- **Task prompt**
With pictures left out, output exactly the lines from the line holding "smartphone e tablet." through the end of the data, both included.

- **Given data**
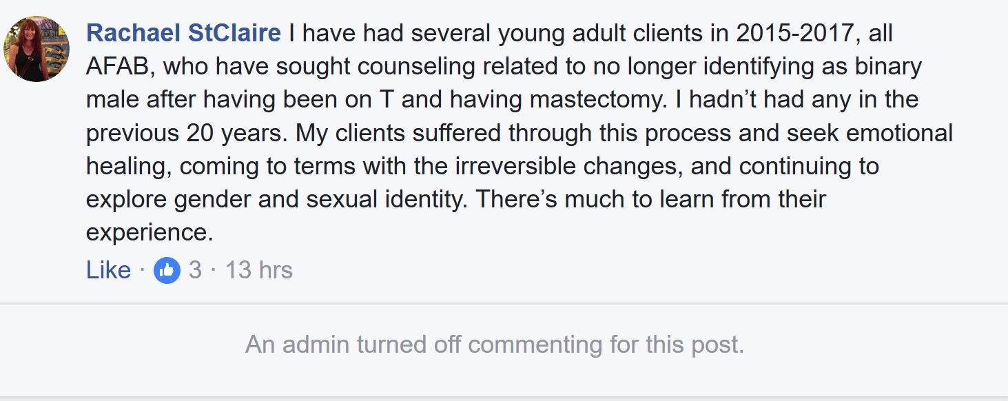 WPATH jan 5 2018 detrans therapist Published February 25, 2018 at 1463 × 582 in WPATH & The Advocate aim to suppress new research on adolescent gender dysphoria
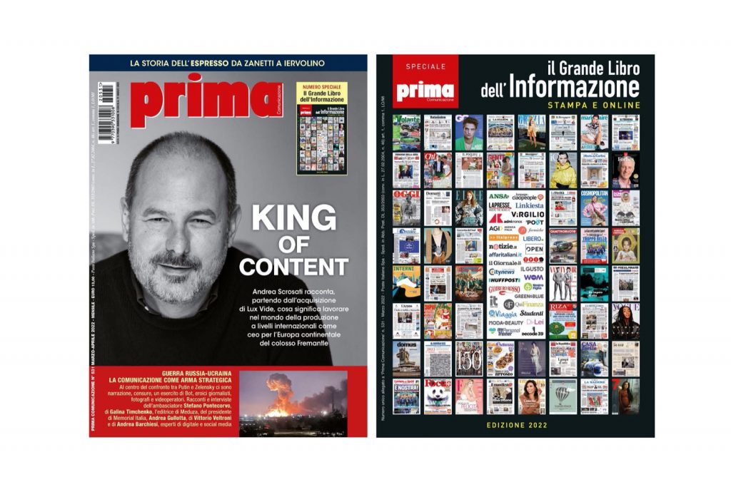 ‘Prima Comunicazione’ è in edicola con l’edizione 2022 del ‘Grande libro dell’Informazione stampa e online‘. Mensile e allegato sono disponibili in digitale, per pc, smartphone e tablet.
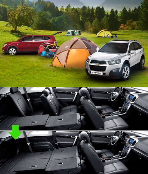쉐보레 캡티바 2013형은 세련된 외관과 듀얼 존 에어컨 시스템, 열선시트, 크루즈 컨트롤 등 편의성을 높여 장거리 가족여행에 어울리는 7인승 SUV다. 아래 두 사진은 2열과 3열 시트에 자유롭게 폴딩이 가능한 ‘이지테크’ 기능을 적용한 실내 공간. 사진제공|한국지엠주식회사
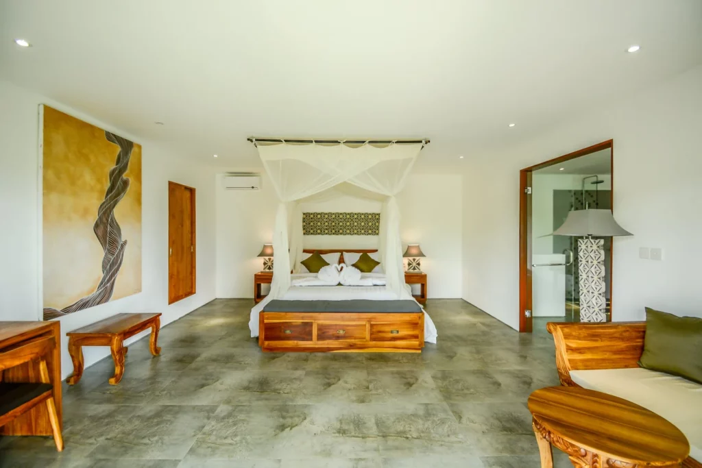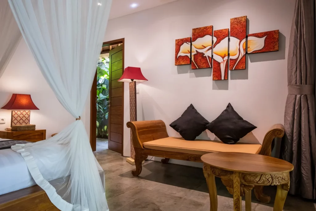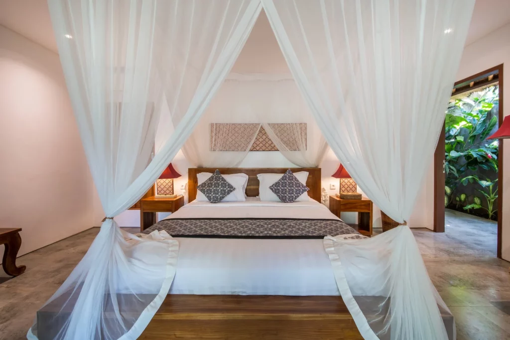 Surrounded by flowers and complete with its own private garden and pool, the Honeymoon Villa offers a spacious retreat for two. Inside, there’s a four-poster bed, a cosy living area, and a bright bathroom separated by glass doors with curtains for privacy – perfect for a secluded stay at Hidden Paradise Ubud.

- **Solution to this exercise**
 ‘Prima Comunicazione’ è in edicola con l’edizione 2022 del ‘Grande libro dell’Informazione stampa e online‘. Mensile e allegato sono disponibili in digitale, per pc, smartphone e tablet.
쉐보레 캡티바 2013형은 세련된 외관과 듀얼 존 에어컨 시스템, 열선시트, 크루즈 컨트롤 등 편의성을 높여 장거리 가족여행에 어울리는 7인승 SUV다. 아래 두 사진은 2열과 3열 시트에 자유롭게 폴딩이 가능한 ‘이지테크’ 기능을 적용한 실내 공간. 사진제공|한국지엠주식회사
 Surrounded by flowers and complete with its own private garden and pool, the Honeymoon Villa offers a spacious retreat for two. Inside, there’s a four-poster bed, a cosy living area, and a bright bathroom separated by glass doors with curtains for privacy – perfect for a secluded stay at Hidden Paradise Ubud.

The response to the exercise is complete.